Но в белых сапогах, эстонец, вскинул руку на прицел и выстрелил. Мокрин торнулся носом в ноги старику и захрипел.
Старик сделал шаг, назад, скосил подлые глаза и хладнокровно:
- Не задерживайт... Раздевайсь. А то всем в лоб пуля. Не здохнешь, как собак, уйдешь вшивый Россия свой. Вот бери одежу... - он запустил руки, как вилы, в сани и выбросил на снег кучу грязнейших лохмотьев.

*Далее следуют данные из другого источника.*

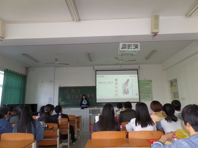 教研室主任和校企合作企业——山东幸福世家老龄产业投资股份有限公司的工作人员分别进行了宣讲。教研室主任金莉首先从社会需要、国家和政府支持、我校办学优势等方面分析了我校开办老年服务与管理专业的原因,之后介绍了该专业的培养目标、专业定位、就业前景、师资力量、课程设置等情况。
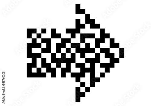Arrow icon with classical shape and pixelated texture isolated on white background. Sign for button, link, game design, app or other web interface. Retro style. Vector illustration.

Маскарад был кончен, грабители уехали. Кучка неузнаваемых бродяг, переодетых в ледяное рубище и рвань, наскоро простилась с оголенным трупом Мокрина и еле потащила свои ноги. Сидоров положил на волосатую грудь убитого свой нательный образок, пошептал, покивал над трупом головой и догоняет беглецов. На скуластом лице его мрак, но в заплаканных глазах благодать и радость.
Николай закутан в рваный летний зипунишко, на ногах хлябают дырявые башмаки. Он глядит на ходу под ноги, в порозовевший предзакатный снег. На снегу плывет труп Мокрина: лицо мертвеца в злобе, зрачки ушли под лоб, глаза мигают льдом. Николай отводит взор в сторону, труп быстро перемещается туда же. Николай говорит Сидорову:
- Никак не могу отделаться... Эта смерть страшней смерти поручика Баранова. А я Мокрина до от'езда никогда не видал. Почему это? Сидоров? А?
Но с ним не Сидоров, с ним обмотанная тряпьем бабища, ее голова повязана, как шалью, грязной рванью.
- Это я, Коля... - раздается бабий, хныкающий голос Павла Федосеича.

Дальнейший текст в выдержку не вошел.